[Collected data entries]

──────

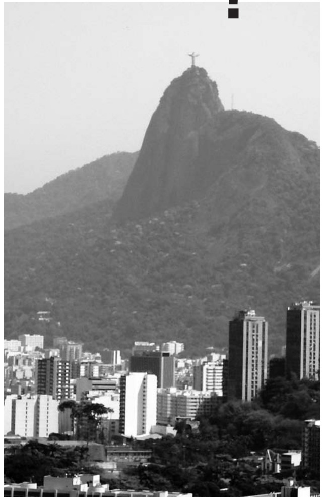
コロコバードの丘に立つキリスト像はリオデジャネイロのシンボルだ
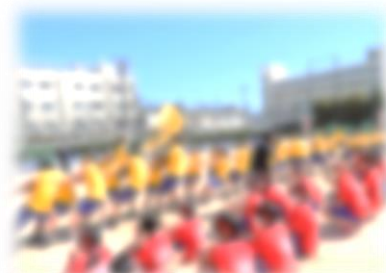
↑大盛り上がりの綱引き。
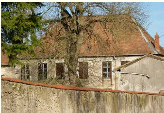
L'ancienne poste aux chevaux côté cour (Cliché J.-P. AUBÉ, 2008)

une localité située à la limite de deux départements. Il est significatif qu'au XVIII e siècle, Lay-Saint-Rémy partageait encore une soixantaine d'hectares de forêts en indivision avec Pagny-sur-Meuse son voisin. Depuis la Révolution Lay-Saint-Rémy, voisine immédiate du département de la Meuse, est une entrée et sortie des limites administratives du département de la Meurthe. C'est par exemple là qu'en 1824 le nouvel évêque de Nancy, Monseigneur de Forbin-Janson, était venu solennellement prendre possession de son diocèse, accueilli par la population et par trois chanoines de Nancy « venus lui mettre la crosse en main ». Avant 1789 le même cérémonial pour les nouveaux évêques de Toul se déroulait un peu plus loin à Void, dans l'actuelle Meuse.
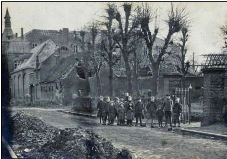
de Olmstraat vlak na de beschietingen van oktober-november 1918, met rechts vooraan de poort van het oude kerkhof en achteraan het zwaar beschadigde Klein Seminarie van de paters Oblaten

De afdeling Beeldende Vorming werkt samen met het platform voor actuele kunst Be Part van de provincie West-Vlaanderen, in de Westerlaan 17. Op het einde van het schooljaar organiseert ze telkens een opendeurdag en tentoonstelling met de beste werken van de leerlingen en cursisten. Regelmatig zijn er ook tentoonstellingen in Zaal 29 , meestal met werk van de eigen lesgevers of lesgevers van andere academies. De tentoonstellingen zijn vrij toegankelijk, van dinsdag tot zaterdag, van 9u tot 19u. De afdeling Muziek organiseert elk jaar eind oktober een concertweek, met concerten door de lesgevers in het grote auditorium.
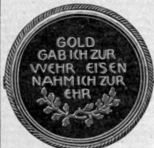
Nr. 137/53. Als Brosche. Silber 800/000. Stück Mk. A,bu. Nr. 137/54. Als Anhänger. Stück Mk. B,au.
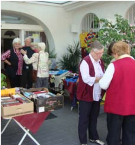
20.11.11 Kreativkreis in Montebello
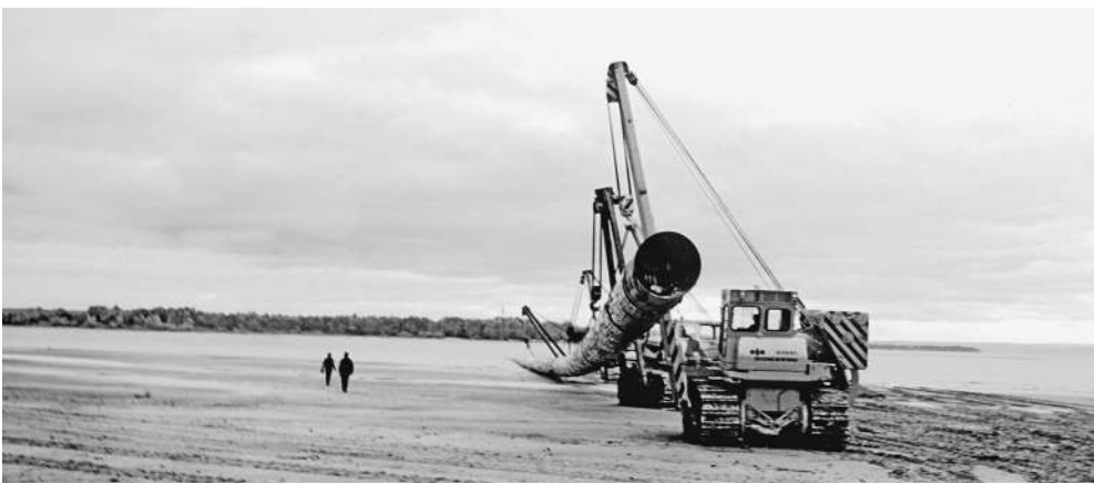
Международные санкции подтолкнули персидский газ в сторону Индостана и далее — в Китай
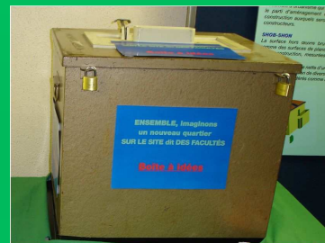
Cette urne « boîte à idées » renferme le projet d'aménagement des 6 hectares : venez donner votre avis !
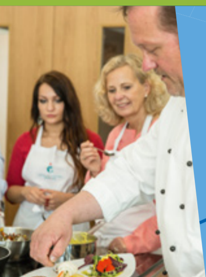
1 Fischkochstudio Fish Cooking Studio

Bremerhaven Stadtplan Bremerhaven City Map
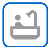
Gestion eau chaude
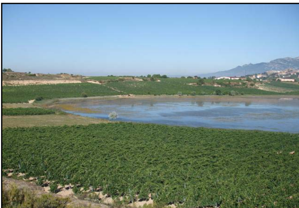
Imagen de los viñedos que rodean al lago
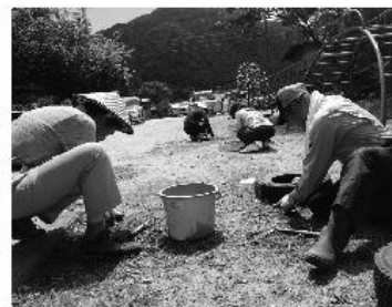
ボランティア活動
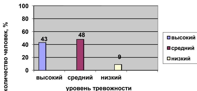
Рис. 4 Распределение уровня ситуативной тревожности старших дошкольников на констатирующем этапе эксперимента, полученных в результате диагностики по методике «Рисунок семьи».

Анализ полученных рисунков семьи показал, что к высокому уровню тревожности относятся рисунки 10 человек (43%). На этих рисунках видно запуганное выражение лица ребенка, ощущение эмоционального напряжения, через использование в рисунке темных красок. Такие дети не удовлетворены своим положением в семье. Они часто испытывают дискомфорт. Это видно по рисунку, где они изображают себя вдалеке от взрослых, а также с грустным выражением лица.
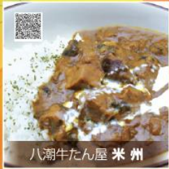
八潮牛たん屋 米州
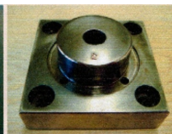
アルミニウム製射出成型金型
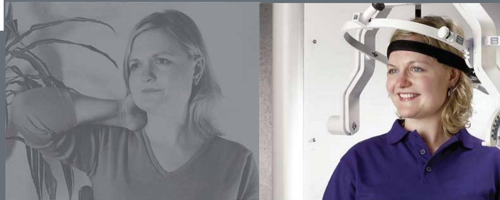
Unidad Multicervical - MCU™

Restaura tu columna vertebral ... y rehabilitate practicando.
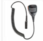
Microfono altoparlante remoto con pulsante di emergenza (IP67) SM26N1

──────

The entries are to be copied exactly, and each image is to be omitted.

Your response:
コロコバードの丘に立つキリスト像はリオデジャネイロのシンボルだ
↑大盛り上がりの綱引き。
L'ancienne poste aux chevaux côté cour (Cliché J.-P. AUBÉ, 2008)

une localité située à la limite de deux départements. Il est significatif qu'au XVIII e siècle, Lay-Saint-Rémy partageait encore une soixantaine d'hectares de forêts en indivision avec Pagny-sur-Meuse son voisin. Depuis la Révolution Lay-Saint-Rémy, voisine immédiate du département de la Meuse, est une entrée et sortie des limites administratives du département de la Meurthe. C'est par exemple là qu'en 1824 le nouvel évêque de Nancy, Monseigneur de Forbin-Janson, était venu solennellement prendre possession de son diocèse, accueilli par la population et par trois chanoines de Nancy « venus lui mettre la crosse en main ». Avant 1789 le même cérémonial pour les nouveaux évêques de Toul se déroulait un peu plus loin à Void, dans l'actuelle Meuse.
de Olmstraat vlak na de beschietingen van oktober-november 1918, met rechts vooraan de poort van het oude kerkhof en achteraan het zwaar beschadigde Klein Seminarie van de paters Oblaten

De afdeling Beeldende Vorming werkt samen met het platform voor actuele kunst Be Part van de provincie West-Vlaanderen, in de Westerlaan 17. Op het einde van het schooljaar organiseert ze telkens een opendeurdag en tentoonstelling met de beste werken van de leerlingen en cursisten. Regelmatig zijn er ook tentoonstellingen in Zaal 29 , meestal met werk van de eigen lesgevers of lesgevers van andere academies. De tentoonstellingen zijn vrij toegankelijk, van dinsdag tot zaterdag, van 9u tot 19u. De afdeling Muziek organiseert elk jaar eind oktober een concertweek, met concerten door de lesgevers in het grote auditorium.
Nr. 137/53. Als Brosche. Silber 800/000. Stück Mk. A,bu. Nr. 137/54. Als Anhänger. Stück Mk. B,au.
20.11.11 Kreativkreis in Montebello
Международные санкции подтолкнули персидский газ в сторону Индостана и далее — в Китай
Cette urne « boîte à idées » renferme le projet d'aménagement des 6 hectares : venez donner votre avis !
1 Fischkochstudio Fish Cooking Studio

Bremerhaven Stadtplan Bremerhaven City Map
Gestion eau chaude
Imagen de los viñedos que rodean al lago
ボランティア活動
Рис. 4 Распределение уровня ситуативной тревожности старших дошкольников на констатирующем этапе эксперимента, полученных в результате диагностики по методике «Рисунок семьи».

Анализ полученных рисунков семьи показал, что к высокому уровню тревожности относятся рисунки 10 человек (43%). На этих рисунках видно запуганное выражение лица ребенка, ощущение эмоционального напряжения, через использование в рисунке темных красок. Такие дети не удовлетворены своим положением в семье. Они часто испытывают дискомфорт. Это видно по рисунку, где они изображают себя вдалеке от взрослых, а также с грустным выражением лица.
八潮牛たん屋 米州
アルミニウム製射出成型金型
Unidad Multicervical - MCU™

Restaura tu columna vertebral ... y rehabilitate practicando.
Microfono altoparlante remoto con pulsante di emergenza (IP67) SM26N1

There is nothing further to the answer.